Dataset excerpts:
*** Block opens ***

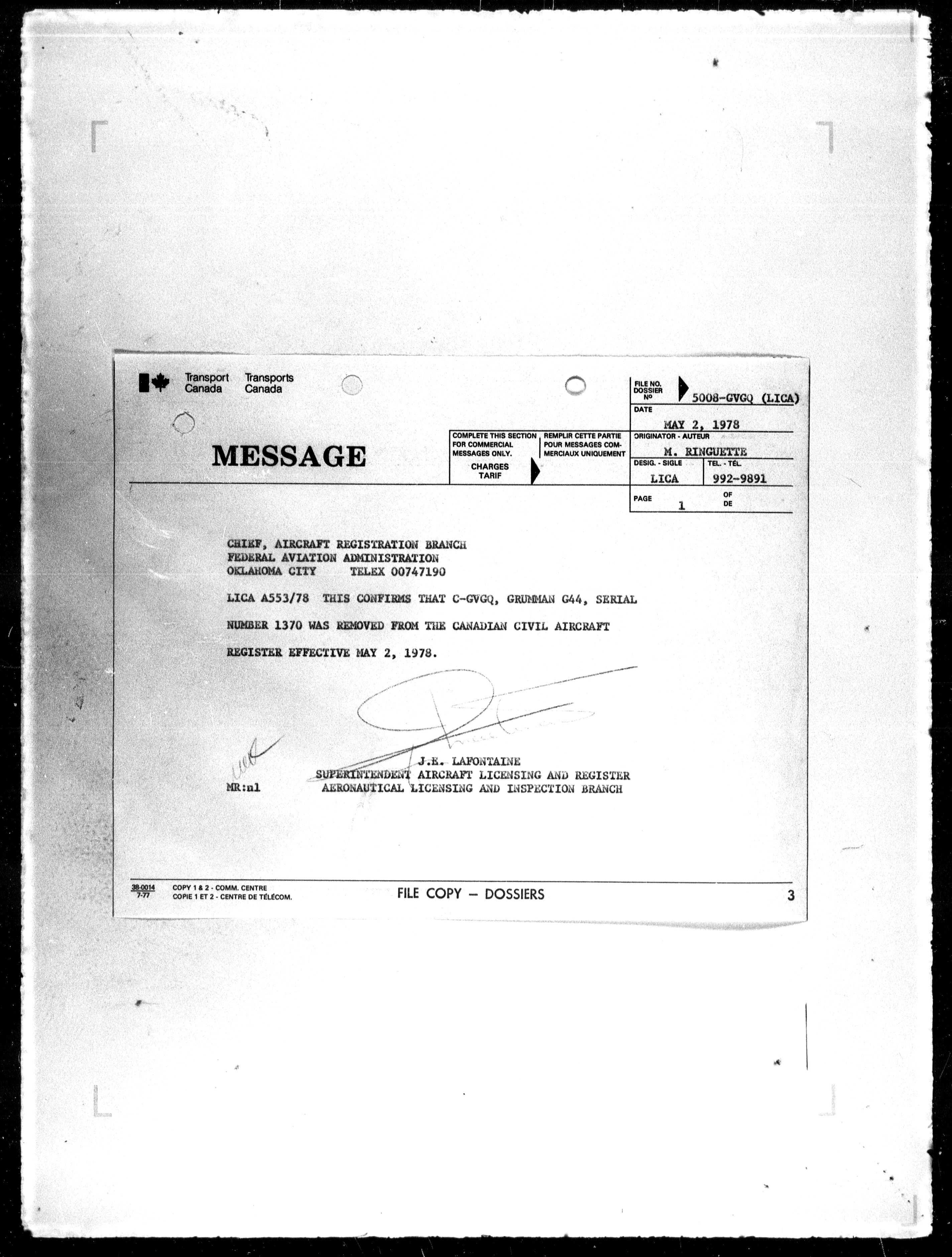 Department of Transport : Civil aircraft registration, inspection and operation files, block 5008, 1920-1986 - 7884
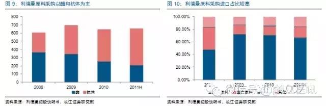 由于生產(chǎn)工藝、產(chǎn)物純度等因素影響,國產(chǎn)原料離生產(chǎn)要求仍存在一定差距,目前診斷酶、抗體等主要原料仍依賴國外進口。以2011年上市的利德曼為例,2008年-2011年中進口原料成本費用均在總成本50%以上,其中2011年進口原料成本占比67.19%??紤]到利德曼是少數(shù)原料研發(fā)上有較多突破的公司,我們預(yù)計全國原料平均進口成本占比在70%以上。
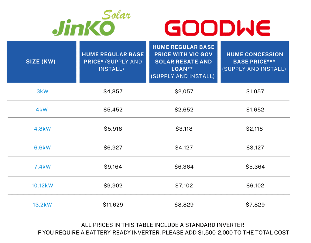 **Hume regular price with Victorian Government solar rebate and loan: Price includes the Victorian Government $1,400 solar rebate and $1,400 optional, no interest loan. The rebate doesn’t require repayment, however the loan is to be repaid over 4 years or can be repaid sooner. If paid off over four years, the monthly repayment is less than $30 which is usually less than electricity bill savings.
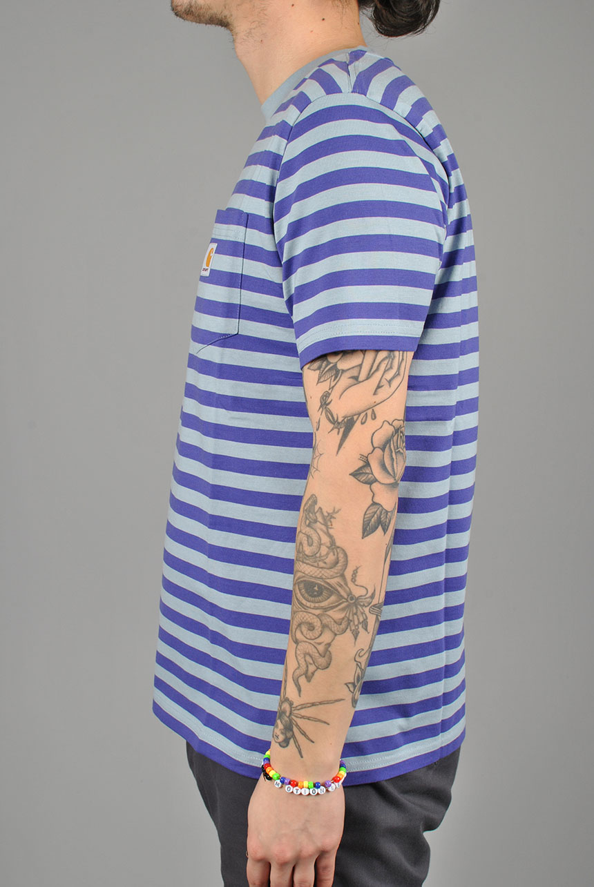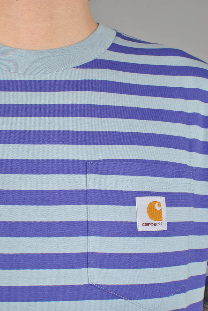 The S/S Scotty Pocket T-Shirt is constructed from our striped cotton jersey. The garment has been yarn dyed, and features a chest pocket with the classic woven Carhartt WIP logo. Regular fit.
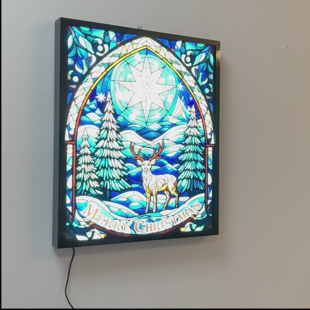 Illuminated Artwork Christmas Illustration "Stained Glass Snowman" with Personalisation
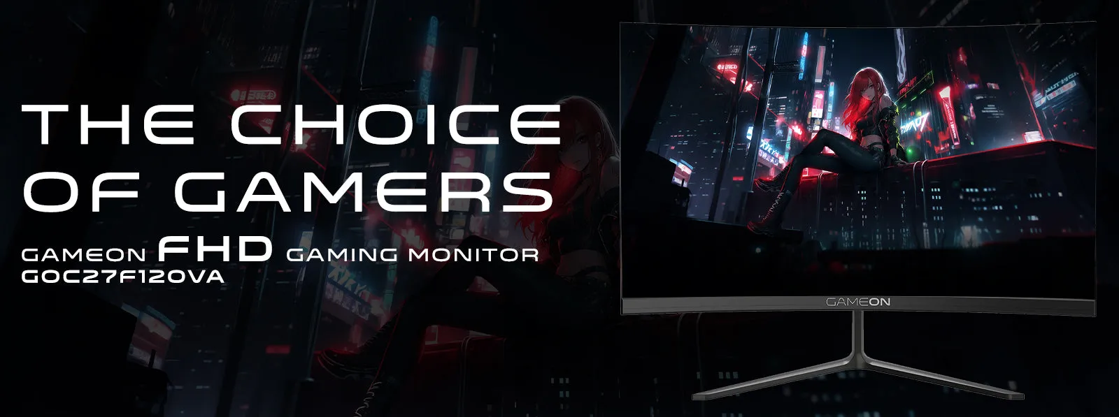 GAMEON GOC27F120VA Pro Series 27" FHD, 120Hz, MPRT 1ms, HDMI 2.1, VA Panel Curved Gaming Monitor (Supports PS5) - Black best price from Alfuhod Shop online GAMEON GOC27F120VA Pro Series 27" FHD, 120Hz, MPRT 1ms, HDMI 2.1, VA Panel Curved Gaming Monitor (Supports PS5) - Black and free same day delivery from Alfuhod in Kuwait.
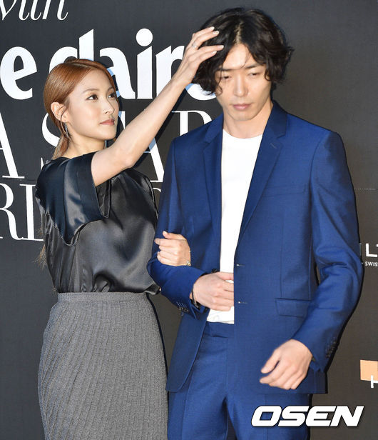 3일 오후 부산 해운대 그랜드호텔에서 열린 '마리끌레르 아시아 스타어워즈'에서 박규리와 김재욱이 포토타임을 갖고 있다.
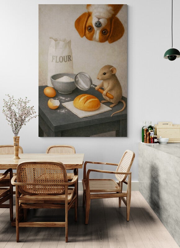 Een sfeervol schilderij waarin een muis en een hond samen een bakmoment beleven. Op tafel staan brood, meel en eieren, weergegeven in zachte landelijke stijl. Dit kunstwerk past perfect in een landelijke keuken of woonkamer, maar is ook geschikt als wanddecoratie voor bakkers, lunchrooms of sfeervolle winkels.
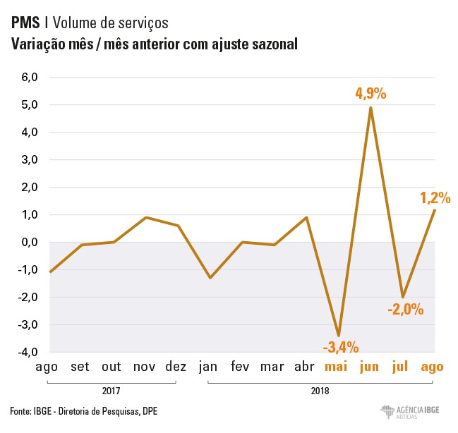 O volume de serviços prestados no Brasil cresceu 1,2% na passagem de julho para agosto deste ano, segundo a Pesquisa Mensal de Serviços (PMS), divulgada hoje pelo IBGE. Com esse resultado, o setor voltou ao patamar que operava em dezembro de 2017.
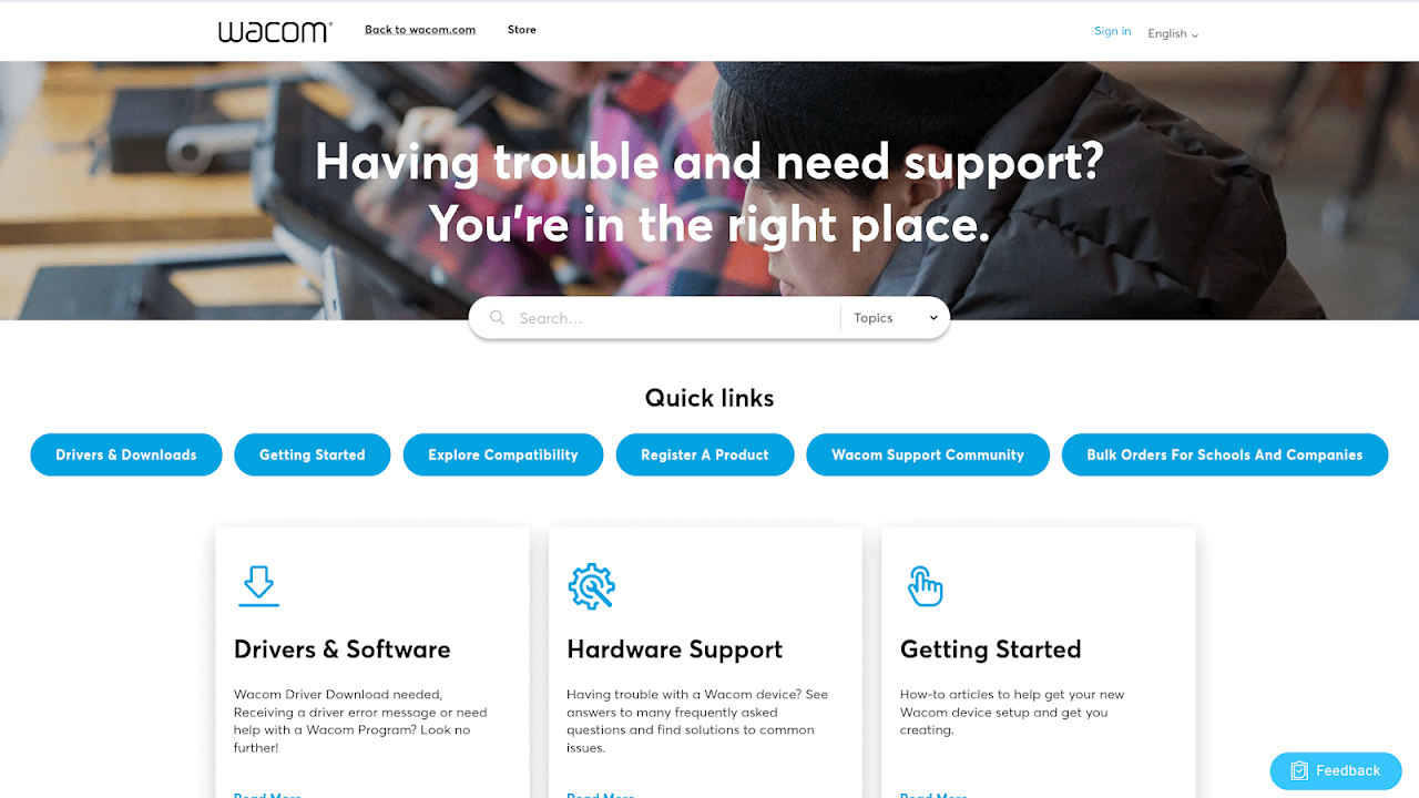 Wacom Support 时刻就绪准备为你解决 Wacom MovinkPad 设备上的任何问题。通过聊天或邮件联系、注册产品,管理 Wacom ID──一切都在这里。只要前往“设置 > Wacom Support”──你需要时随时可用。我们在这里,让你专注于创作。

*** Block closes ***

EXERCISE OBJECTIVE: Copy only the lines above from the one containing "The S/S Scotty" through the one containing "Illuminated Artwork Christmas", both included. Leave out the pictures.

YOUR RESPONSE:
 The S/S Scotty Pocket T-Shirt is constructed from our striped cotton jersey. The garment has been yarn dyed, and features a chest pocket with the classic woven Carhartt WIP logo. Regular fit.
 Illuminated Artwork Christmas Illustration "Stained Glass Snowman" with Personalisation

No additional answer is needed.